● **Supplied data**
-----
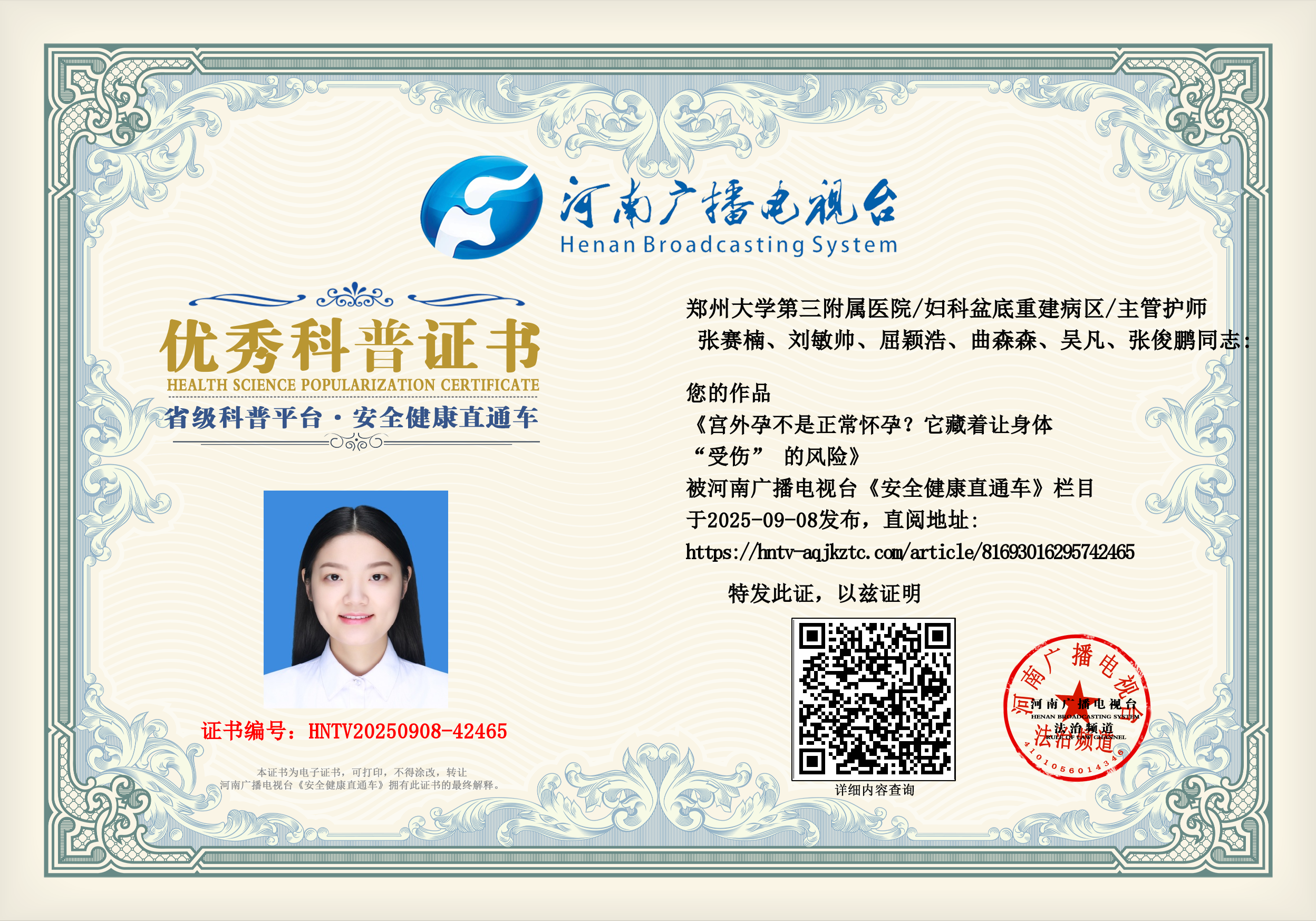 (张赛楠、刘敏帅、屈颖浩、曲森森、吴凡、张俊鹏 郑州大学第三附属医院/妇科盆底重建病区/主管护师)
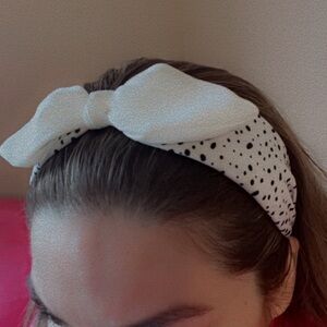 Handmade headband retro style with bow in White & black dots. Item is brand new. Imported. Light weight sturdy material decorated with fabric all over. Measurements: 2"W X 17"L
-----
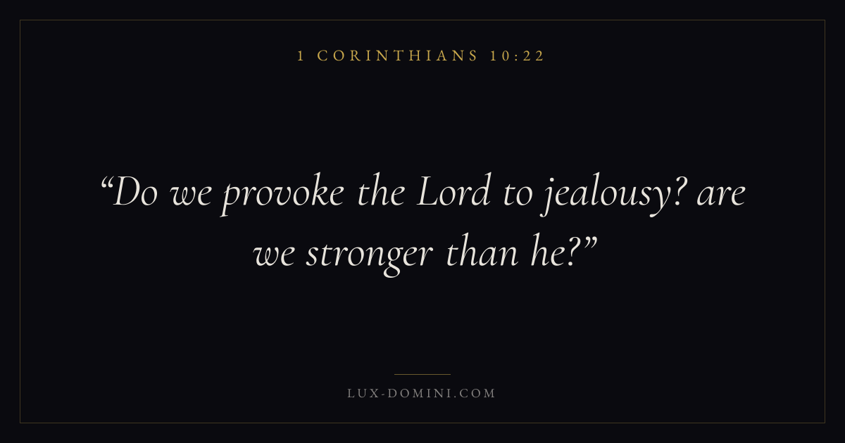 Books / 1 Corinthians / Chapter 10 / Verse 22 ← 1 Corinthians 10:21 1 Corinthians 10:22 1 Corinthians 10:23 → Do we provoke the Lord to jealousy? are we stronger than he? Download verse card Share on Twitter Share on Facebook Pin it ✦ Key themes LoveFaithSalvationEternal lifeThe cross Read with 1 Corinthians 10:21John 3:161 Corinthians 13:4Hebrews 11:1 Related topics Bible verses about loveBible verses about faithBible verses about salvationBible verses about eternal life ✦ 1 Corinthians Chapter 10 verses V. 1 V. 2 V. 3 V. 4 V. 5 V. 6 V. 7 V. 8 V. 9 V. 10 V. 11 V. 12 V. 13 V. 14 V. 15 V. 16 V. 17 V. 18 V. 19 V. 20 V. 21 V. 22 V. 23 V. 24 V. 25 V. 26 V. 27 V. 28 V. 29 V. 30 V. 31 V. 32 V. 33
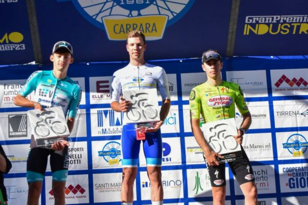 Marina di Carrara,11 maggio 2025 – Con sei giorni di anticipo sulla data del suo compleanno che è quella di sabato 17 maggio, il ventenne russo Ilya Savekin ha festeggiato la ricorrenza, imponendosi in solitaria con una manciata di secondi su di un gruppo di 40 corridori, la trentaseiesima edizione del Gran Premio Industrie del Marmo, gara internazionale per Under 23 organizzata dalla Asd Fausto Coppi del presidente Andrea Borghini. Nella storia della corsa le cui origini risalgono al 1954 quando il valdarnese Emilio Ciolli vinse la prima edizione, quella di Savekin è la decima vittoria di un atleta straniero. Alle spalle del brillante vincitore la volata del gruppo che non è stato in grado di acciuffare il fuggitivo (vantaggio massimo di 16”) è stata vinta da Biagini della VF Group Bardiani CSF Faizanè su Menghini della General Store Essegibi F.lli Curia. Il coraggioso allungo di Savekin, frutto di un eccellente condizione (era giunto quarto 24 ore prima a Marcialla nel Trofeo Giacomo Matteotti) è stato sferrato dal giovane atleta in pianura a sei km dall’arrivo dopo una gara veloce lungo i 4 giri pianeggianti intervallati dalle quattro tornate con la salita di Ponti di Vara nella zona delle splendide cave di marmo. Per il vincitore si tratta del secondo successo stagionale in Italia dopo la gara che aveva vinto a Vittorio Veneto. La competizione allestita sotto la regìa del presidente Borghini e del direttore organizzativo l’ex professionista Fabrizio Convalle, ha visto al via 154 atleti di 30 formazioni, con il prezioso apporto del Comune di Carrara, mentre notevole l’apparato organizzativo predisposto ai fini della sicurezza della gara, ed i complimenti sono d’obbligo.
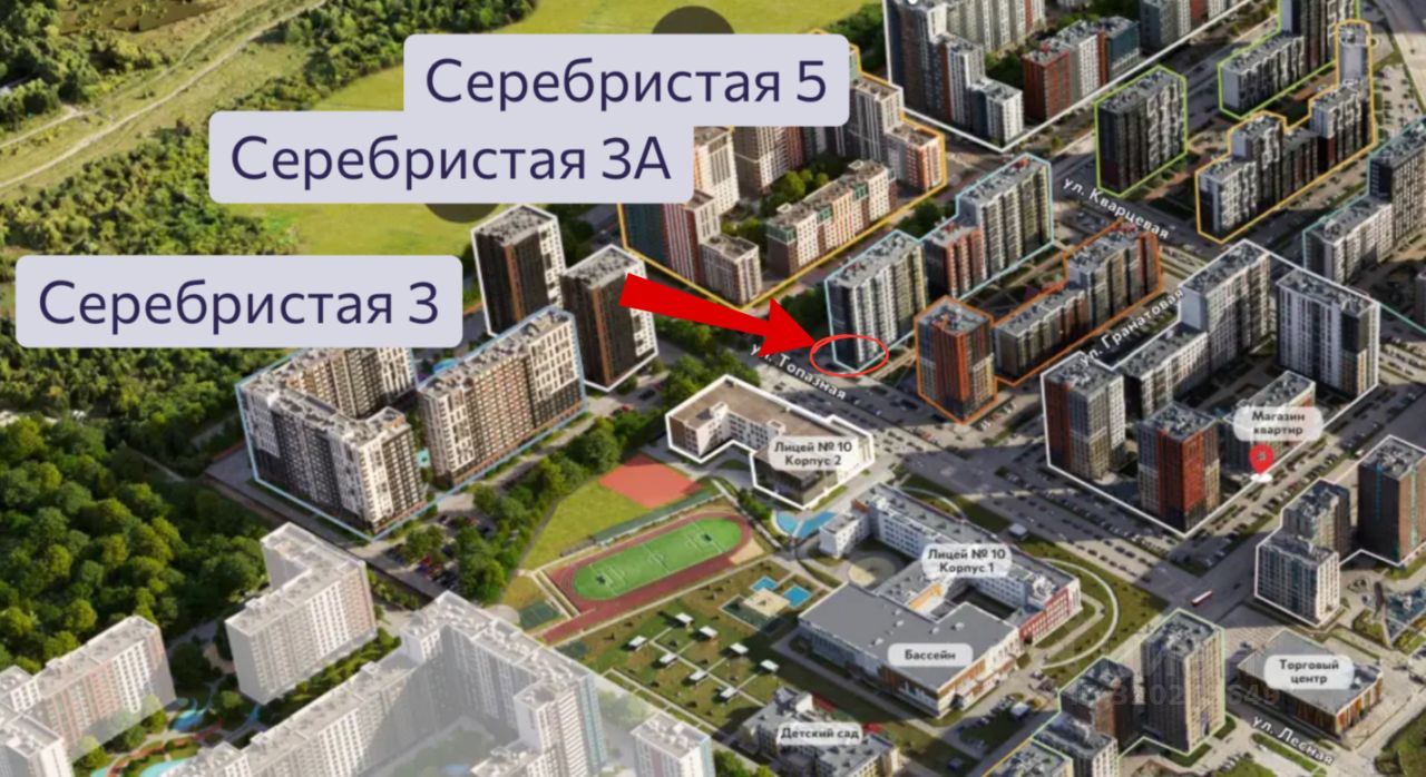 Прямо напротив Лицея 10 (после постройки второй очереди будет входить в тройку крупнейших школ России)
-----
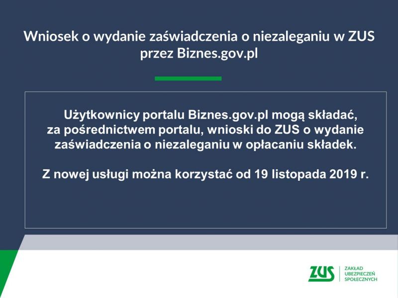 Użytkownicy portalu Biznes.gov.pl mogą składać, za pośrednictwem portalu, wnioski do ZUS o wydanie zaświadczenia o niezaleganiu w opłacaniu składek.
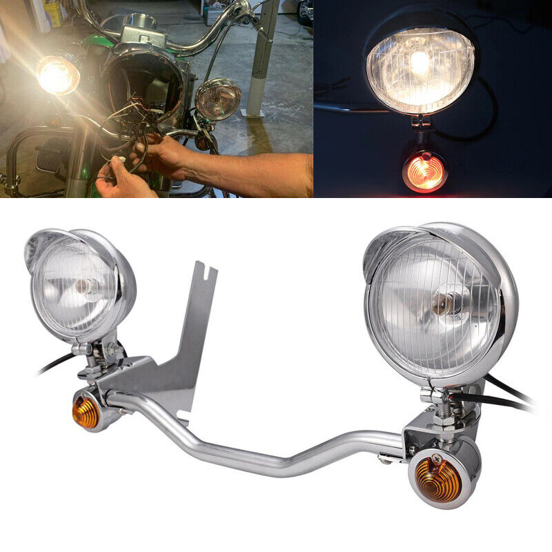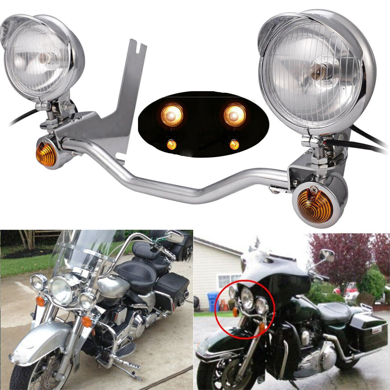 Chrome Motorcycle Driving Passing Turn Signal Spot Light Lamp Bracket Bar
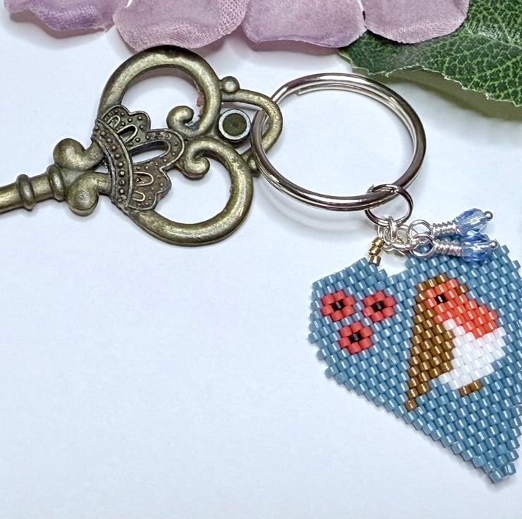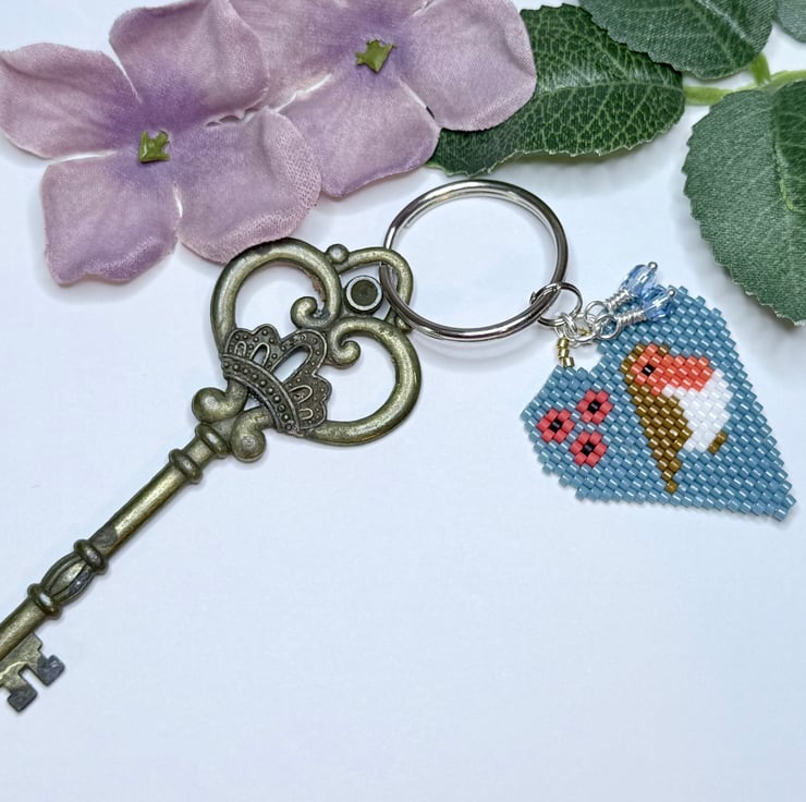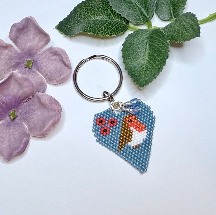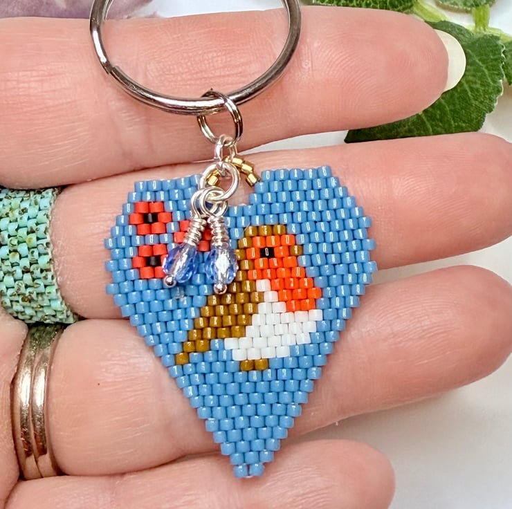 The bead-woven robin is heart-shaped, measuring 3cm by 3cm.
-----
● **What is required**
In the records above, find the line with "(张赛楠、刘敏帅、屈颖浩、曲" and the line with "Handmade headband retro"; please transcribe exactly those two lines and all lines between them, omitting any picture.

● **Written answer**
 (张赛楠、刘敏帅、屈颖浩、曲森森、吴凡、张俊鹏 郑州大学第三附属医院/妇科盆底重建病区/主管护师)
 Handmade headband retro style with bow in White & black dots. Item is brand new. Imported. Light weight sturdy material decorated with fabric all over. Measurements: 2"W X 17"L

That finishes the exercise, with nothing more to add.